Vanbulten.com ailesi olarak ziyaret ettiğimiz ve samimi sohbetiyle karşılaştığımız Alpaslan’ın röportajı uzun sürdüğünden 2 bölüm olarak okuyucularımıza aktarılacaktır.
Van depreminden başlıyoruz. Van depreminde sizce kurumlar başarılı oldu mu?
Şimdi Van depreminde kurumların üzerine düşen görevleri inanın ki biz burada herhangi bir reklam peşinde koşmaksızın, insanı olan ve sorumluluk hisseden herkesin bir arada olması orada o panik anında ne yapabilirim düşüncesiyle o çabalar içerisine girildi. AFAD’ta 4 gün 15 dakika uykuyla kalabildik. Ve biz burada Sivil Toplum örgütleri olarak tamamen ne yapabiliriz düşüncesiyle halktan devlete devletten halka köprü görevini ben şahsen vicdanen müsterihim kanıtlarımızda bunlar hepsi ortada var. Ben sadece kendim için söylemiyim. Benimle beraber Ticaret Odası Ticaret Borsası, Van Genç İş adam, İŞGEM, bu konuda bizim Ekonomi Konseyi içerisinde yer alan arkadaşlarımız aynı zamanda da Esnaf Sanatkarlar sanayi odası başkanları biz tamamen oda başkanlarımız dahil 4 gün 4 gece hiç uyumaksızın çalışmalara katıldık. İlk etapta can kurtarma çalışmalarıyla ben kendim şahsen bütün bölgedeki şoförler odalarındaki ve özel şirketlerdeki vinçleri getirme çabası içerinse girdim. Ve getirttim de bunun yanı sıra çevre ilerlideki ilçelerdeki Şoförler odalarının ambulanslarını biz tamamen buraya yığdık. Ve ayrıca Uçaklardaki yardımlar için şehirdeki bütün toplu taşıma araçlarını tahsis ettik. Gelen çadır ve gıda yarımlarını götürdük.

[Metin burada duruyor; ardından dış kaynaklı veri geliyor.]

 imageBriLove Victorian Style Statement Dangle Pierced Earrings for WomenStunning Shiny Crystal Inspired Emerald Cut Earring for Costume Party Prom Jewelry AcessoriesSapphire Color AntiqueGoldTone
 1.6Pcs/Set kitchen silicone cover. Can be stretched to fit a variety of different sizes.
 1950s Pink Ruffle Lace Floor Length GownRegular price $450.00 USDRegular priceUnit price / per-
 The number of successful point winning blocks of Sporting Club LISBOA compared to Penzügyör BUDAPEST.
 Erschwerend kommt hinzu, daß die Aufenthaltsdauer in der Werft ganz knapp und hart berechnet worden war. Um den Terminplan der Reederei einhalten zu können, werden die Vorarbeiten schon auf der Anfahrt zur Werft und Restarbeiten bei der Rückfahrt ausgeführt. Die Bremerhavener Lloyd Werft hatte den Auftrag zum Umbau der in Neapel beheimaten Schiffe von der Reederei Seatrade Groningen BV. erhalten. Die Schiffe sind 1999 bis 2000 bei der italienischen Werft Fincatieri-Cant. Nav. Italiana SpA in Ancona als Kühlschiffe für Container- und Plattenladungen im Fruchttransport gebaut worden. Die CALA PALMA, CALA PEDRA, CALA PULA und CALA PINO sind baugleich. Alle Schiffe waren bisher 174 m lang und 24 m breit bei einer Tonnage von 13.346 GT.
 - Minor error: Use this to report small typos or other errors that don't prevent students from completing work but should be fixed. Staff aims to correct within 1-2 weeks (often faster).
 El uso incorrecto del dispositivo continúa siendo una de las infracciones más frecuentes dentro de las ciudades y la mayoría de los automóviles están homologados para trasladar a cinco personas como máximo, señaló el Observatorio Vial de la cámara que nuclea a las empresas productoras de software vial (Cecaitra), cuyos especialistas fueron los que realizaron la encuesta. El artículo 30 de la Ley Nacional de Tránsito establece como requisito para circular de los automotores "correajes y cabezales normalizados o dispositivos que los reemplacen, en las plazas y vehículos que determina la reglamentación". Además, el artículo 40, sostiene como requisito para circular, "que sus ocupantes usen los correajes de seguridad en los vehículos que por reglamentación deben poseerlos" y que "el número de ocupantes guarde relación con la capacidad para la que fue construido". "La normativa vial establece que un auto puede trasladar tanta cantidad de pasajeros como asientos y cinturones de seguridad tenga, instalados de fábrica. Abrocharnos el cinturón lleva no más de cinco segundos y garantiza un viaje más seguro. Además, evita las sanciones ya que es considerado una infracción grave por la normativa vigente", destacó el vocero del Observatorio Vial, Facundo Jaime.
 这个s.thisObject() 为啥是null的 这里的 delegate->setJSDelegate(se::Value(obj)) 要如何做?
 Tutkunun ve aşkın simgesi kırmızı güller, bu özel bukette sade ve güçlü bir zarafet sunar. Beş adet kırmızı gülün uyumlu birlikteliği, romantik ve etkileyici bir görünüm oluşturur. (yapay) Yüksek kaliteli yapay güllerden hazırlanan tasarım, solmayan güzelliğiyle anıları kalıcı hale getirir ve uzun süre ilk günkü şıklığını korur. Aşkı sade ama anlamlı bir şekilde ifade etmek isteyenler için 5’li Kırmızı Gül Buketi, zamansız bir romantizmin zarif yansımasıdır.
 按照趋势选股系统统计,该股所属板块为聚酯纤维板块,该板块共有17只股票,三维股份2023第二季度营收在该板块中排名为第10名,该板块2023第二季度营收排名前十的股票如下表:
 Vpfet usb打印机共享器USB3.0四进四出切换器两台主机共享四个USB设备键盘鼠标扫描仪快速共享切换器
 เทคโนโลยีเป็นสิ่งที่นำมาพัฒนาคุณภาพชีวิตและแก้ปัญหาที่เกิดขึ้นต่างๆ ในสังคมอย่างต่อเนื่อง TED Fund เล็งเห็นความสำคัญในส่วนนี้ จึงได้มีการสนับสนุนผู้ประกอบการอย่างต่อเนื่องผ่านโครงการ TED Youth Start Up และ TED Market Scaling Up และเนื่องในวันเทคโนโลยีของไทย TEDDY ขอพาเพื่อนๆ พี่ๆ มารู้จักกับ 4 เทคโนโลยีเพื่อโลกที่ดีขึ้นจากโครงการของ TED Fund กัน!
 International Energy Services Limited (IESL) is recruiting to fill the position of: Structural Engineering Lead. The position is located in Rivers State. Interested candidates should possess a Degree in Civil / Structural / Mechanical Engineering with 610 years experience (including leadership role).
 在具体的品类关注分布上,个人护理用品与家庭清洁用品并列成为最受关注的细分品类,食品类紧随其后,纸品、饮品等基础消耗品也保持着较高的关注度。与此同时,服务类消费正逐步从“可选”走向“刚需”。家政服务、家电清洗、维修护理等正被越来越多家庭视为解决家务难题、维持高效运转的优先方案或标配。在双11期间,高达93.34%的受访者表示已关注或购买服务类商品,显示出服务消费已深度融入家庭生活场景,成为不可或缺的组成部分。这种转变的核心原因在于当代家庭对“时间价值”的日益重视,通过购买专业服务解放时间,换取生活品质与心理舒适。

Öyle gün oluyordu ki 30’un üzerinde kargo uçağının indiği havaalanındaki bütün sevkiyatları biz hep beraber kamu kurum araçlarıyla birlikte, Sivil toplum Örgütlerinin çabalarıyla biz bunları ulaştırdık. Belki o an yağılan çalışmalar yeterli gelmiyordu. O anki çabalar içerisinde götürmüş olduğumuz çadırlar gerçek hak sahiplerine ulaştırma sorunu yaşadık. Ben bunu hep söylerim. Çok büyük tecrübeler yaşadık.


Ders çıkardınız mı?


Şimdi bakın; Biz ikinci günü gece saat 12 de insanlar soğuklarda durmazken en temel ihtiyaç çadır. Bu çadırların dağıtımı konusunda, insanları parası var ama çadıra ulaşabilme imkanları kısıtlı. Burada evi yıkılanda çadır istiyor lüks binasını artçı depremlerden dolayı terk eden de yaralıları ölüleri enkaz altında olan insanlarda çadır istiyor. Bunların ayırt edilmesi gerekiyor. İlk etapta, gerçek ihtiyaç sahiplerine ne yapmalı nereye götürülmeli, böyle bir  durumda çadır dağıtacağınız zaman önünüze gelen sorunları bilmeniz gerekiyor.


Peki başarılı olduğunuza inanıyor musunuz?

Kesinlikle bunu söyleyeyim ben size. Van’da duyarsız kalan bir kuruma rastlamadım. Acemiydik bir felaket anında o koşullarla o imkânlarla en azından yanlış yapılandırmalarda da samimiyet olduğunu gördük. Yani samimiyetsizliğin arkasında hiç kimse durmadı. Böyle bir görünüm de vermedi. Hiç bir araya gelmeyen insanlar bile bu durumda el birliliğiyle koştu. Ama strateji ve eylem planı hazırlaması gerekiyordu. Stratejinin ve eylem planının olmadığı yerde de insanlarında psikolojisi bozuk anlayış eksikliği ve bireysel çıkarlar uğruna gelen insanlara siz daha nasıl davranabilirsiniz? Ben bu konu da Sivil Toplum Örgütleri olarak; belki daha da güzel işler yapabilirdik. Biz bu gün baktığımız zaman kesinlikle keşke böyle değil de böyle olsaydı dediğimiz birçok şey var. Onun için söylüyorum ya hatalarımız imkanlar nezdide yapılanlardı. Mesela yardım götürdüğümüz birçok yere keşke buraya değil de buraya götürseydik dediğimiz oldu. Yani günlerce anlatsak hatalarımızı bitiremeyiz… Ama bu hatalar bilinerek yapılan hatalar değildi.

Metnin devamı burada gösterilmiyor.